▶ **Task**
Your copy should begin with the line containing "touch of elegance", end with the line containing "재능있는사람/핑거 프린세스/과도한 버스탑승러/철새", match the listing below exactly, and contain no pictures.

▶ **Record extracts**

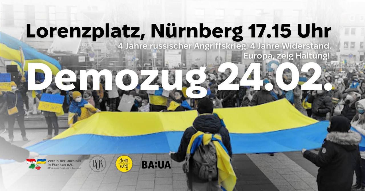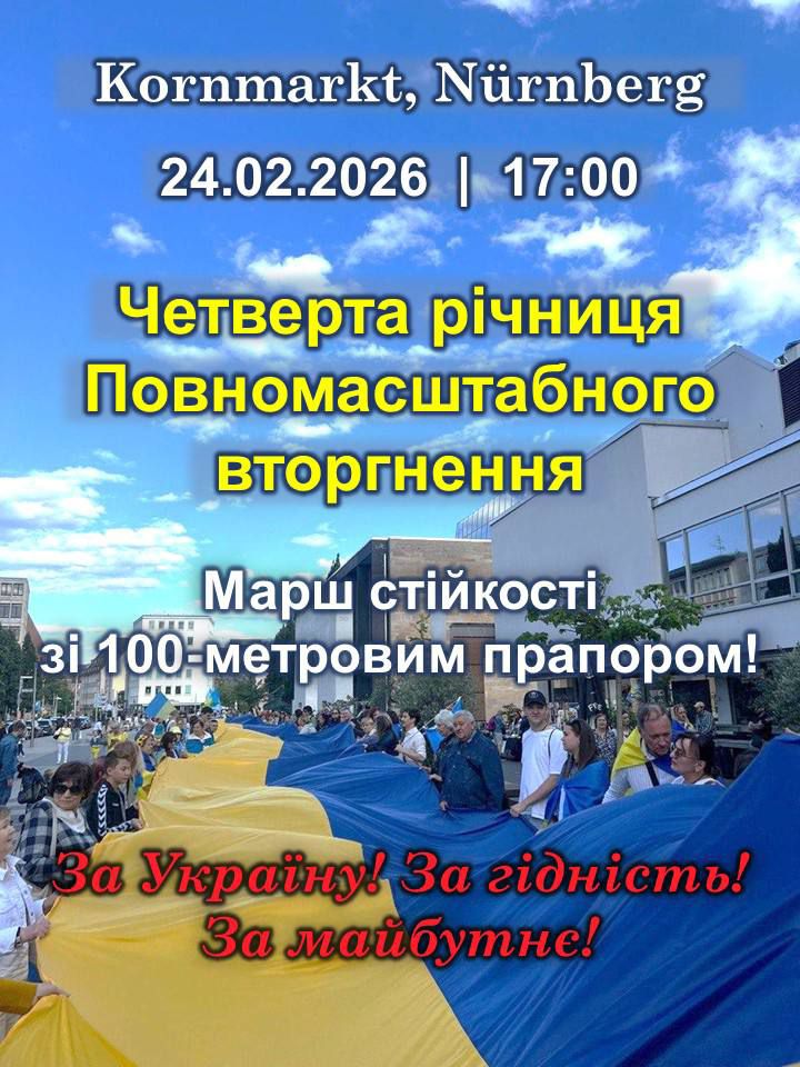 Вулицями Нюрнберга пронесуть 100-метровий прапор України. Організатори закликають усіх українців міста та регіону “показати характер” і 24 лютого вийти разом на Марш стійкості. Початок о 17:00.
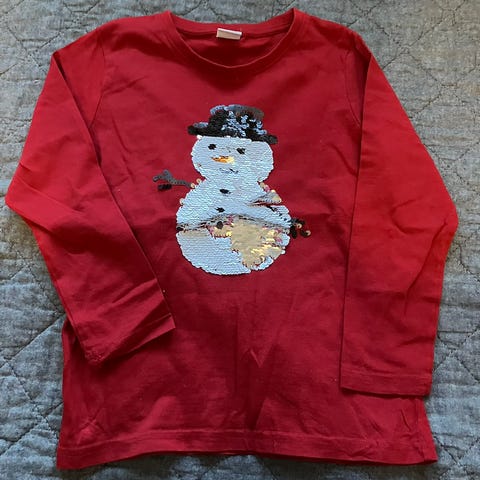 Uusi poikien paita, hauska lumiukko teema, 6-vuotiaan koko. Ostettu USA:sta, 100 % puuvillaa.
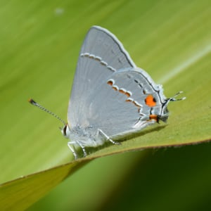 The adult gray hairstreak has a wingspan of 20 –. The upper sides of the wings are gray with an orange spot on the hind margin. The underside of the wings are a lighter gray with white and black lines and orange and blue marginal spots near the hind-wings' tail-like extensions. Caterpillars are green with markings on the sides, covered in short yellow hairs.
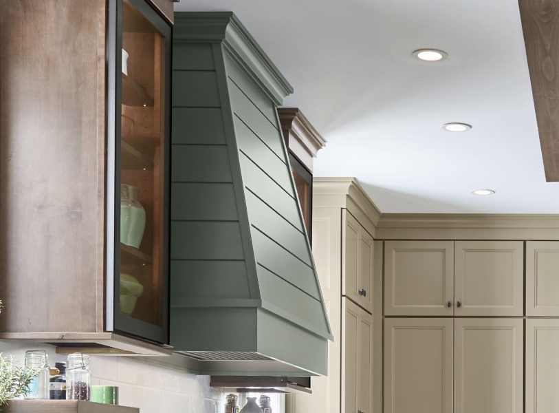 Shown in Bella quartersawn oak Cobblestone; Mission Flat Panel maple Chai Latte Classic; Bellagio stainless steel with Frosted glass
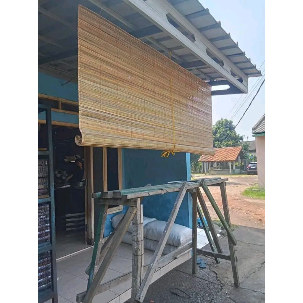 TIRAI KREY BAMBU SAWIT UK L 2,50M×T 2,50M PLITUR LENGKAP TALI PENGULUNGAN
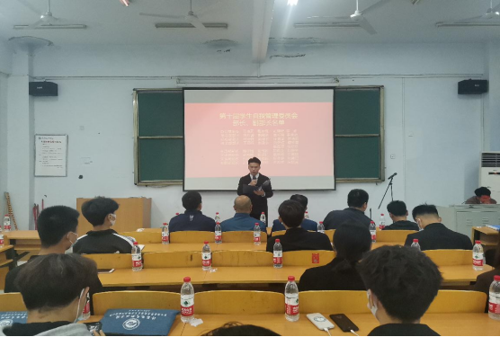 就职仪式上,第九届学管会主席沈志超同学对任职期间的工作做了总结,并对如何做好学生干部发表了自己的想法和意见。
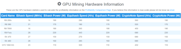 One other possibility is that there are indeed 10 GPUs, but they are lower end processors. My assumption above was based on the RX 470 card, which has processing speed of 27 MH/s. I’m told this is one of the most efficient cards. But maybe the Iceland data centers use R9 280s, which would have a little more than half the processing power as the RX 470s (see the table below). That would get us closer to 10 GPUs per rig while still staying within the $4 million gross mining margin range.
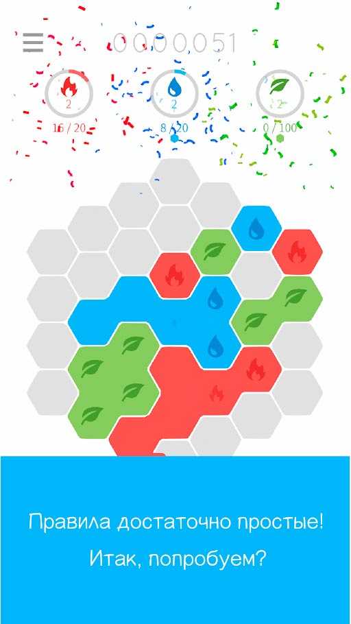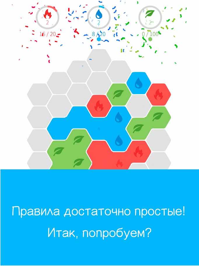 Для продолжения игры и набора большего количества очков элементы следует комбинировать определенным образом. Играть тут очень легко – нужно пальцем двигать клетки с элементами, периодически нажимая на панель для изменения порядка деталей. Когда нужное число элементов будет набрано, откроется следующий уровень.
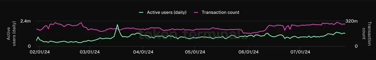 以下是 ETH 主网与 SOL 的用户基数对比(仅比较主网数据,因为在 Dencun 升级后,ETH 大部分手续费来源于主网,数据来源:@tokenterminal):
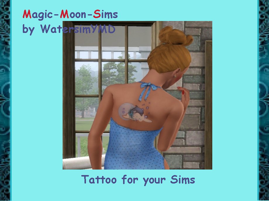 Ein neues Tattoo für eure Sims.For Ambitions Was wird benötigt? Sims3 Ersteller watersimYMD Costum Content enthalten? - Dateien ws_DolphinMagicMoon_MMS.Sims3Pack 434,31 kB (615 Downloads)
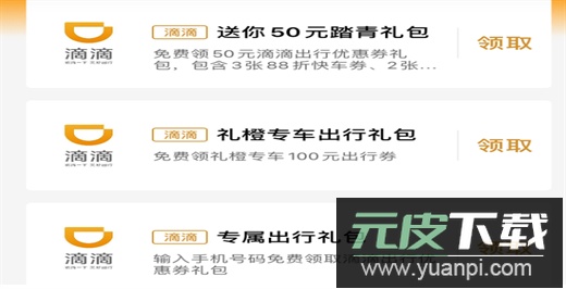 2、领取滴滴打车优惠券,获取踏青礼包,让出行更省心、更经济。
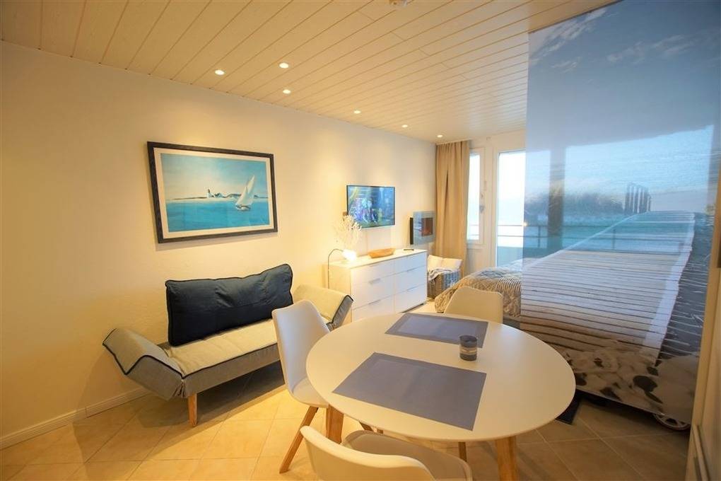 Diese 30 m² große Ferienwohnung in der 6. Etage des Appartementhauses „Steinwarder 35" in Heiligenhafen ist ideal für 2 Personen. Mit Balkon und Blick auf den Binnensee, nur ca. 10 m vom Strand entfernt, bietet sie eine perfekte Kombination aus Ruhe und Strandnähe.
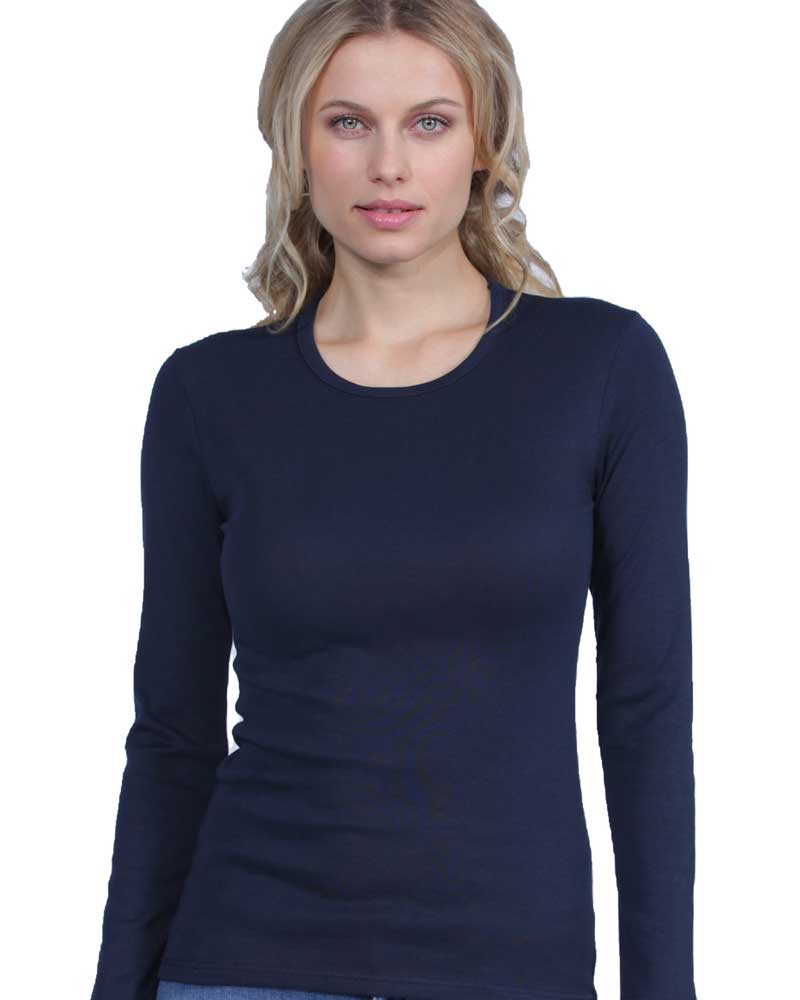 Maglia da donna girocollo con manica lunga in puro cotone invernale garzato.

--

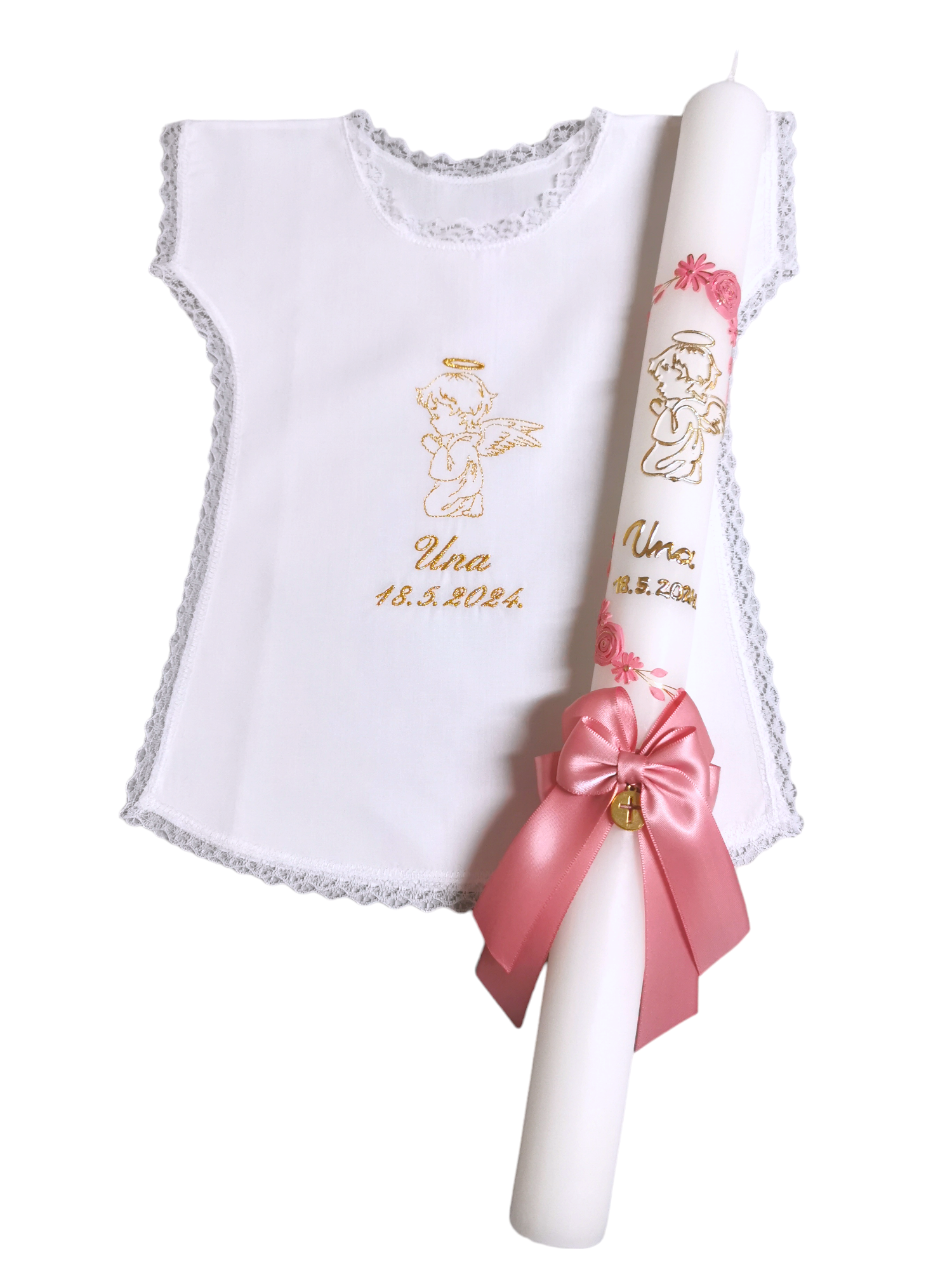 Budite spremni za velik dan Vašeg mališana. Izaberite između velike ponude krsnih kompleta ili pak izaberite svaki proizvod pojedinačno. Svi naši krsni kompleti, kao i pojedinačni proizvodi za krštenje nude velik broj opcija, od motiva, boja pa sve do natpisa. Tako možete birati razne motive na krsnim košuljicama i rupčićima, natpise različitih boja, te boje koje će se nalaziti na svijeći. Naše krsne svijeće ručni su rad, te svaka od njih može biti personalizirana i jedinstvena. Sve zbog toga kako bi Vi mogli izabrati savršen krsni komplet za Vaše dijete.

...

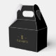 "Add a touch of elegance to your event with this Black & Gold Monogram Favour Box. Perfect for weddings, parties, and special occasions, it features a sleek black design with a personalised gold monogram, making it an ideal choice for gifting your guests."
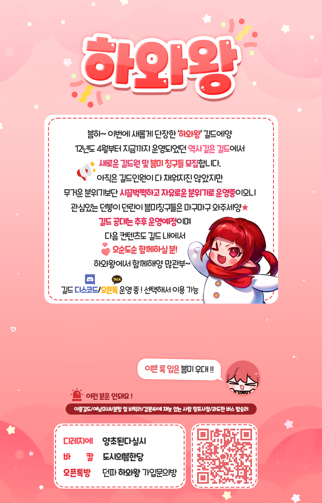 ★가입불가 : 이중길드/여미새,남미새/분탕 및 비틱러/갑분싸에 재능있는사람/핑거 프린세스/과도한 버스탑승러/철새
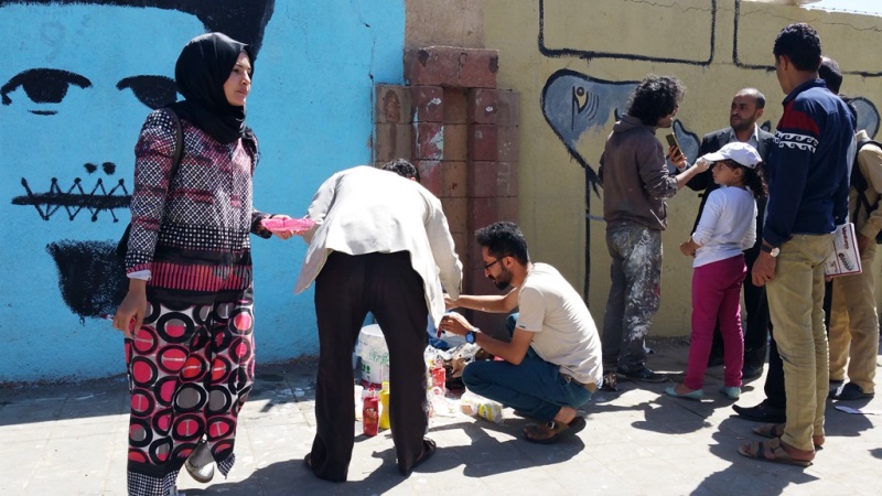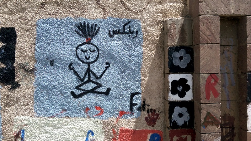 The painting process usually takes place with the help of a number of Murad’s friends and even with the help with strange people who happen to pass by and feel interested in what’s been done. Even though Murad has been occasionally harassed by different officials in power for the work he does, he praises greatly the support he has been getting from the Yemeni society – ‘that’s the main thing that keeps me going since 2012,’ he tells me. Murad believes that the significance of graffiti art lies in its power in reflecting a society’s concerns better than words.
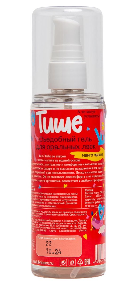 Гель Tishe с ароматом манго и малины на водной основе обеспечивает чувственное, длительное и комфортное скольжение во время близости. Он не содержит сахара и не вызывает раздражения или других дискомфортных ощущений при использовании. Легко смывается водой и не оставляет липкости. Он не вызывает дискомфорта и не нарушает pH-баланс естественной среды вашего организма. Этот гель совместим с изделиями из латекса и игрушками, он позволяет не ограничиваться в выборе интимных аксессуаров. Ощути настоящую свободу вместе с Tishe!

▶ **Written solution**
 "Add a touch of elegance to your event with this Black & Gold Monogram Favour Box. Perfect for weddings, parties, and special occasions, it features a sleek black design with a personalised gold monogram, making it an ideal choice for gifting your guests."
 ★가입불가 : 이중길드/여미새,남미새/분탕 및 비틱러/갑분싸에 재능있는사람/핑거 프린세스/과도한 버스탑승러/철새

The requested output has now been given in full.